Aujourd'hui, Refettorio Gastromotiva fonctionne comme une entreprise sociale le jour et comme une cuisine solidaire le soir, proposant la même nourriture dans les deux cas.
« Nous avons une règle au restaurant : nous servons le même menu à tout le monde, qu'ils puissent payer ou non », a expliqué Sardinha. « C’est une façon de nourrir les gens et aussi de leur faire vivre une expérience humaine. »

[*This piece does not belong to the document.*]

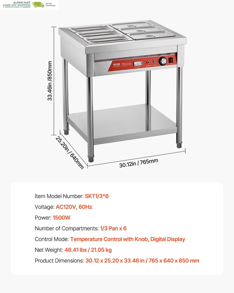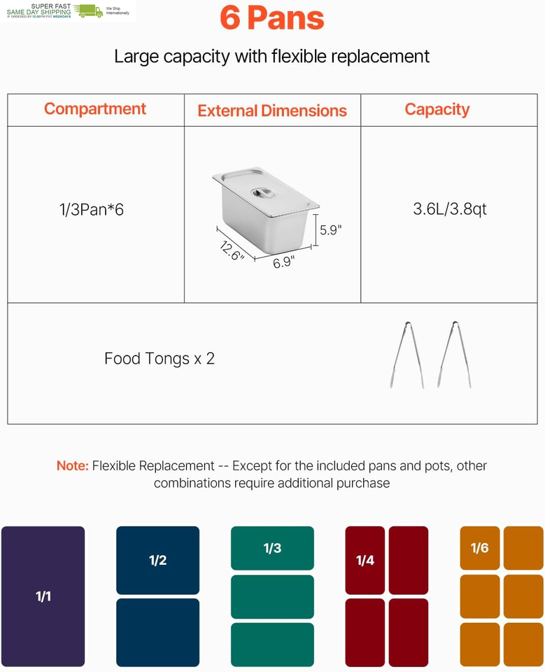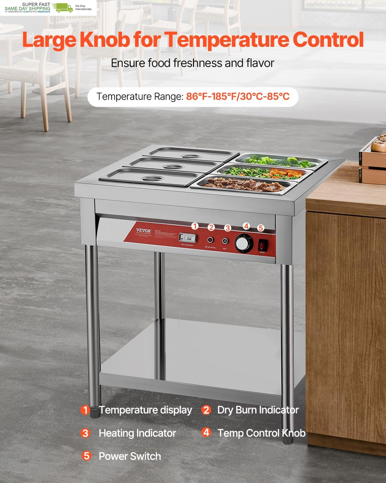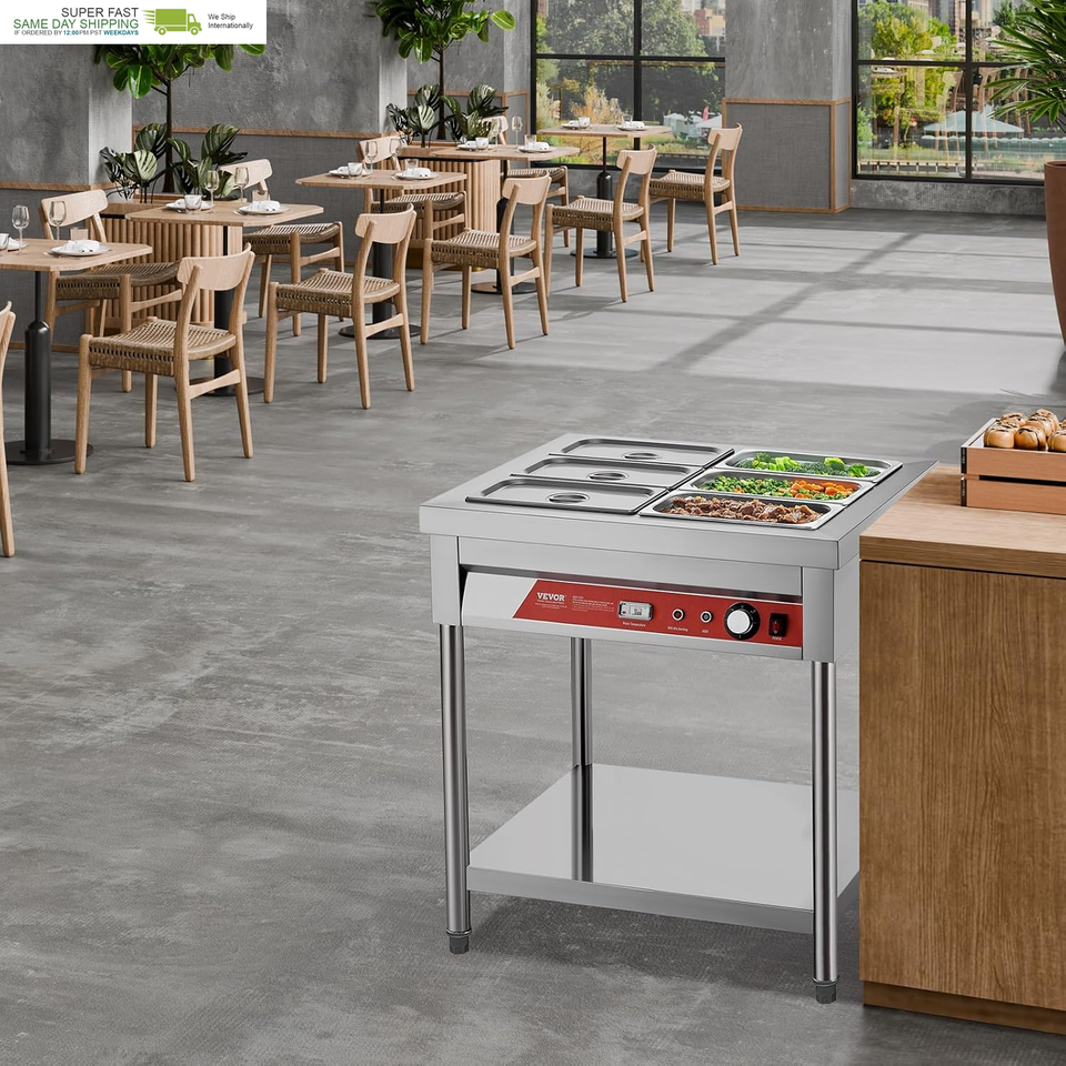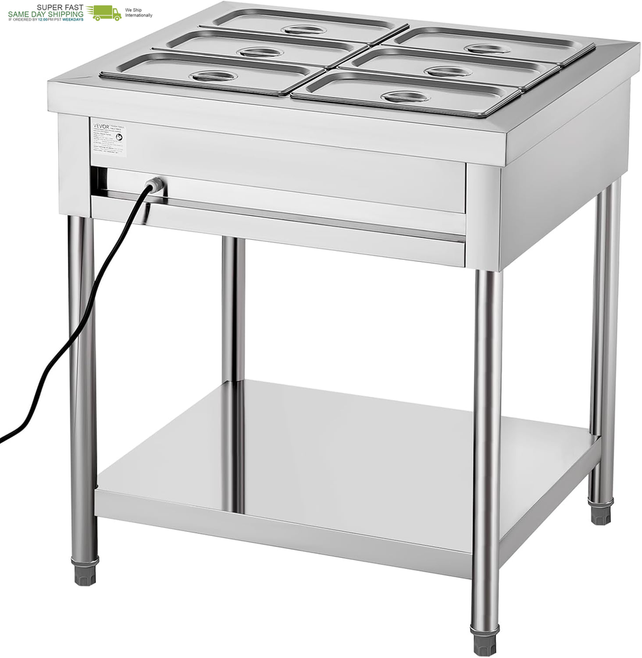 Commercial-Grade Large Capacity: With six 1/3-size pans, our steam table is designed for a variety of dining needs. Our standardized machine dimensions are compatible with all pans up to 5.9 inch in depth

Hertz a reçu d'innombrables récompenses. Il a été nommé Jeune leader mondial au Forum économique mondial, Homme de l'année par GQ Brésil et Entrepreneur social du futur par la Fondation Schwab. Il est également chercheur principal TED.
Mais le prix Charles Bronfman, que Hertz a reçu en 2019, se démarque de toutes ses distinctions, a-t-il déclaré. Le prix annuel — célébrant son 20ème anniversaire cette année – est décerné à un humanitaire de moins de 50 ans dont le travail est inspiré des valeurs juives et a eu un impact significatif dans le monde
« Pour moi, le prix Bronfman était ma plus belle récompense car il reconnaissait et validait le parcours de ma vie », a déclaré Hertz. « Après avoir révélé mon homosexualité, il était important pour moi que mes parents ne me voient pas échouer. Gagner ce prix, un prix juif, a été une véritable guérison et les a aidés à comprendre que ce à quoi j'avais consacré ma vie était dans un but plus élevé.